For business leaders in time-sensitive domains — financial trading, real-time customer operations, industrial IoT, news and media — the distinction between a RAG system that knows what happened yesterday versus one that knows what happened five minutes ago can determine whether the AI assistant is fit for operational use. A customer service AI grounded only in yesterday's product data will give incorrect answers about today's promotional pricing. A risk management AI that cannot access this morning's regulatory alerts may miss a material compliance event. Streaming RAG closes this gap by making knowledge freshness a first-class architectural concern, traded off explicitly against retrieval quality and operational complexity.

2. Problem Statement

Business Problem

Standard batch-ingested RAG systems have knowledge that is hours or days stale. For many enterprise use cases this is acceptable; for many others it is not. Customer service assistants need to know today's pricing, promotions, and service status. Operations assistants need to know the current status of incidents, deployments, and SLA breaches. Financial services assistants need to know this morning's rate changes and regulatory updates. A RAG system that cannot reflect these changes in real-time is operationally unusable for these use cases.

Technical Problem

The batch ingestion architecture of standard RAG introduces inherent latency between when a document is created or updated and when it becomes retrievable. Document crawling, format parsing, chunking, embedding, and index upsert are sequential pipeline steps that typically take minutes to hours per document in a batch schedule. Event-driven and streaming systems demand a different architecture: an ingestion pipeline triggered by events rather than schedules, optimised for low-latency single-document processing rather than high-throughput batch processing.
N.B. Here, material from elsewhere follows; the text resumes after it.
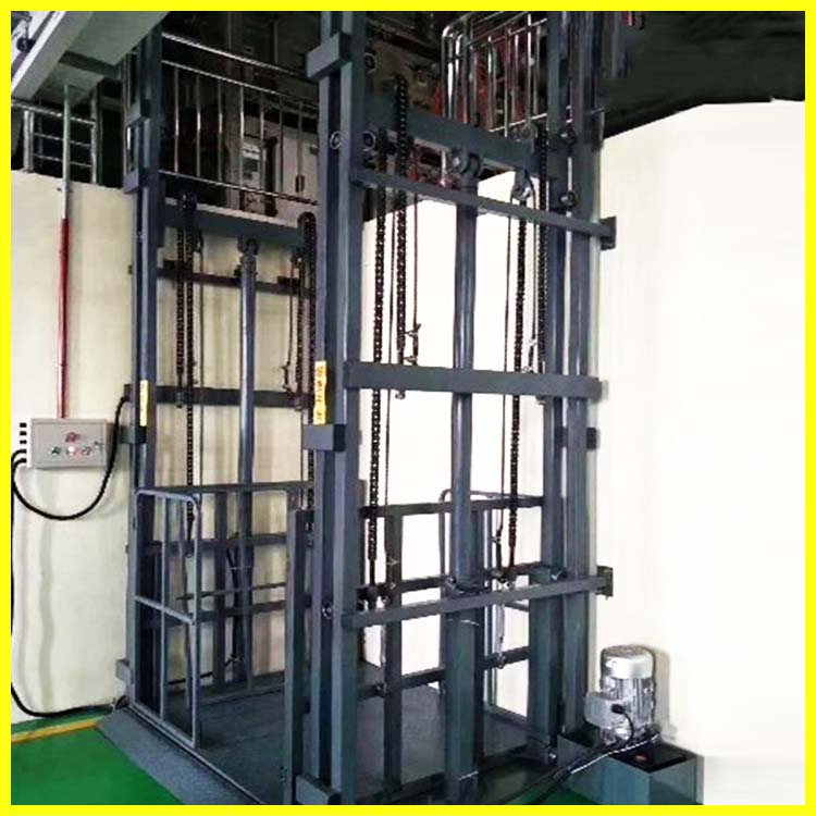 厂房液压货梯是用于货物升降的液压升降机械设备,釆用液压站作为主要动力,液压油缸作为支撑,T型导轨作为轨道,通过特种链条和滚轮传动,保证轿箱运行安全稳定。
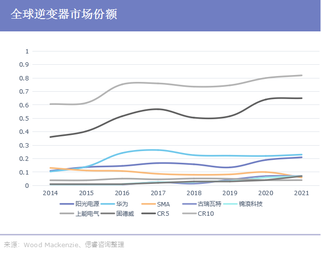 目前来看,全球逆变器市场集中度越来越高:从2014到2021年,CR10从60%提升到82%。华为、阳光电源连续7年领跑市场。

Additionally, real-time data creates a freshness/quality tension: a document ingested seconds ago has not undergone the quality validation, editorial review, or metadata enrichment that a batch-ingested document has. The retrieval strategy must account for this — freshness and quality are both relevant signals for ranking, and the appropriate balance depends on the use case.

Symptoms

AI assistant gives incorrect answers because its knowledge is stale (e.g., cites a policy that was updated this morning)
Customer service AI provides yesterday's pricing to customers who have received today's promotional offer
Operations runbook AI cannot answer questions about the current production incident because the incident report was just created
News and media AI continues to reference an old version of a story after a material retraction was published

Cost of Inaction

Customer complaints and churn from incorrect information delivery in real-time service channels
Regulatory exposure: financial services AI providing stale rate or compliance data
Operational risk: incident response AI grounded in stale runbooks during a live incident
Trust erosion: users who notice knowledge staleness lose confidence in the AI assistant and revert to manual lookup

3. Context

When to Apply

AI assistants for customer-facing channels where product, pricing, or service data changes frequently (daily or faster)
Operations and incident response assistants where runbook and incident data must be current
Financial services AI where market data, rate sheets, and regulatory alerts must be reflected within minutes
News, media, and content platforms where articles, corrections, and editorial updates are continuous
IoT and industrial operations where equipment status, alerts, and sensor thresholds change continuously

When NOT to Apply

Knowledge corpora that change less frequently than once per day (standard batch ingestion is simpler and less expensive)
Use cases where answer freshness is not a user requirement (historical research, legal document review)
Environments lacking a mature event streaming infrastructure (Kafka, Kinesis) — the operational overhead of deploying streaming infrastructure solely for RAG is rarely justified
Use cases where raw streaming data quality is insufficient for grounded AI generation (malformed events, incomplete records)

Prerequisites

An event streaming platform (Apache Kafka, Amazon Kinesis, Azure Event Hubs, Google Pub/Sub) producing document change events
Change Data Capture (CDC) tooling for database-originated changes (Debezium, AWS DMS)
A vector database that supports low-latency upsert operations (Weaviate, Qdrant, Pinecone — all support real-time upsert)
An embedding inference service with low-latency API (< 100ms per chunk) to avoid ingestion lag
Freshness metadata (created_at, updated_at timestamps) that must be indexed alongside vectors

Industry Applicability

Industry	Event Source	Acceptable Freshness Lag	Primary Use Case
Financial Services	Market data feeds, regulatory alert APIs	Seconds to minutes	Rate and compliance queries
E-commerce / Retail	Product catalogue events, inventory CDC	Minutes	Pricing and availability Q&A
Operations / DevOps	Incident management webhooks, monitoring alerts	Seconds	Live incident runbook assistance
Healthcare	Clinical note CDC, pharmacy formulary updates	Minutes to hours	Clinical decision support
News / Media	CMS publish webhooks	Seconds	News article Q&A and summarisation
IoT / Manufacturing	Sensor alert streams, equipment status CDC	Seconds	Equipment status and troubleshooting

4. Architecture Overview

Streaming RAG introduces an event-driven ingestion pipeline that runs continuously alongside (or instead of) the batch ingestion pipeline. The two pipelines share the same vector database but differ in their triggering, throughput optimisation, and quality guarantees.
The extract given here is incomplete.